Nesta lógica, cada forma de interação demanda uma forma de interface, e então, múltiplas interfaces acabam se consolidando no âmbito da interação “ação direta” em diferentes setores de políticas públicas do município. Como afirmam Abers et al (2014), há variações das formas de interagir dependendo do setor. Com efeito, “entender a construção concreta de novas rotinas de conflito, negociação e participação requer examinar como as redes que obtiveram acesso ao Estado em momentos particulares trabalharam com práticas históricas de interação Estado-sociedade em cada área da política” (p. 348). Na presente pesquisa não serão resgatados os padrões históricos de interação para cada setor, mas sim analisados presentemente.

Como colocado acima, um dos principais interlocutores dos coletivos urbanos dentro da PMSP são as Subprefeituras, órgãos que possuem jurisdição sobre calçadas e praças, podendo autorizar ou desautorizar a realização de intervenções urbanas artísticas ou eventos organizados por tais grupos. Segundo o Entrevistado RG3 (2016) “as subprefeituras são quem no fundo fazem a gestão no território, então toda a burocracia relacionada ao território é a subprefeitura

que faz”. Ora, como bem colocado por outro entrevistado, “a Subprefeitura neste momento é um péssimo interlocutor para os coletivos (...) pois trabalha com a regra e não com a vanguarda, com a frente de luta, com o direito à cidade” (Entrevistado RA, 2016). E além disso, ocorre uma falta de padronização entre as próprias Subprefeituras, gerando uma desigualdade de atuação entre Centro e as periferias da cidade. Isto é, não há clareza das regras a seguir, do que é proibido e do que é permitido para ocupar a cidade (Entrevistado RG3, 2016). Um trecho das entrevistas ilustra bem esse fato:

[...] a gente começou a se dar conta que as diversas Subprefeituras e distritos não tinham clareza de quais eram as regras para definir o que era proibido e o que era permitido pra ocupar a cidade. E aí definimos como uma das ações prioritárias tentar organizar uma espécie de padronização ou de publicização mais clara de quais eram esses mecanismos do que se podia fazer e do que não se podia fazer pra ocupar o espaço público. Infelizmente a gente não conseguiu levar isso adiante, mas acho que esta é uma das principais tarefas para se pensar a promoção do direito à cidade hoje (Entrevistado RG2, 2016).
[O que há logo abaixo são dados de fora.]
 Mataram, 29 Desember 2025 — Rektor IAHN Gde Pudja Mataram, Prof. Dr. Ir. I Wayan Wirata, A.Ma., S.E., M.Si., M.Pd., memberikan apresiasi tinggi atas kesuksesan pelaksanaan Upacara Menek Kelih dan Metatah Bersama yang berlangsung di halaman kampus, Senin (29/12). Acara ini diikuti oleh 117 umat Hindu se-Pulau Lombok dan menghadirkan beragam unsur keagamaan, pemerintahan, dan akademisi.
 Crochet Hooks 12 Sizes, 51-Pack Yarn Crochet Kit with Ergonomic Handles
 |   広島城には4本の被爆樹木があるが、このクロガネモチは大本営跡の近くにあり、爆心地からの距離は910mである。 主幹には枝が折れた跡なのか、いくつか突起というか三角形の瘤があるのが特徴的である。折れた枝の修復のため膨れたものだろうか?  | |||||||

Por sua vez, a SMDU, apesar de não ser atribuída com a competência de gerir fisicamente o território urbano, tem como atribuição articular as Subprefeituras, conduzindo assim a política macro urbana da cidade (Entrevistado RG3, 2016). Em outras palavras: “como a SMDU não faz a gestão de espaços, acaba não sendo um interlocutor muito presente para os coletivos” (Entrevistado RA, 2016). Apesar de ter surgido ao longo das entrevistas realizadas, a SMDU possui um tipo de interface diferente das Subprefeituras, por exemplo, que é mais da ordem formal, por meio de autorizações de fato para uso da cidade.
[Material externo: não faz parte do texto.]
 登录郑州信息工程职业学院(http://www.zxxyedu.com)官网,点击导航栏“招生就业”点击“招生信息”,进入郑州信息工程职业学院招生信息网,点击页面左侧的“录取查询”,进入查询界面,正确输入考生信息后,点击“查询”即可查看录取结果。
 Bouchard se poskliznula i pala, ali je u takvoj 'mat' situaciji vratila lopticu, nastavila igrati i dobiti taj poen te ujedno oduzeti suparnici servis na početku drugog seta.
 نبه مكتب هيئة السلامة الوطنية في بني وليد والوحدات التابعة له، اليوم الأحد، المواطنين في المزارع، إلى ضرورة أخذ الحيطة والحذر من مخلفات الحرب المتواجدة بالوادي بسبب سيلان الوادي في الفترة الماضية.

Afinal, uma das questões fundamentais neste ponto é a jurisdição, pois é por meio dela que os coletivos acabam se dirigindo a determinados setores da PMSP. A fim de facilitar essa discussão, uma solução é padronizar esses instrumentos, deixando claro para a população “quem cuida do quê” (Entrevistado RA, 2016). Há, segundo este entrevistado, uma hipótese clara:

[...] quem manda na maioria do território é a CET, que manda em todas as ruas. Mas ela não pode mandar em tanto território assim. Foi em 1976 que a cidade repassou 30% do seu território (ruas, avenidas, marginais) para a CET (…) Pelo menos algumas ruas tem de ser pegas de volta. Porque a Paulista não é mais um problema da CET, ela é um problema da cidade. O Minhocão não é mais um problema da CET, ele é um problema da cidade. A CET faz parte, mas tem que dar ou pra PMSP, ou pra Subprefeitura. (...) Tem que entregar pra quem consegue dar uma resposta à sociedade.

Interessante observar que, no que tange a questão jurídica e de legalidade, variados departamentos são responsáveis pela gestão do mesmo território. Ora, tendo em vista justamente

essa falta de padrão, junto aos protestos de junho de 2013, a CPDC é criada na tentativa de se ter um canal único para absorver as demandas desses grupos.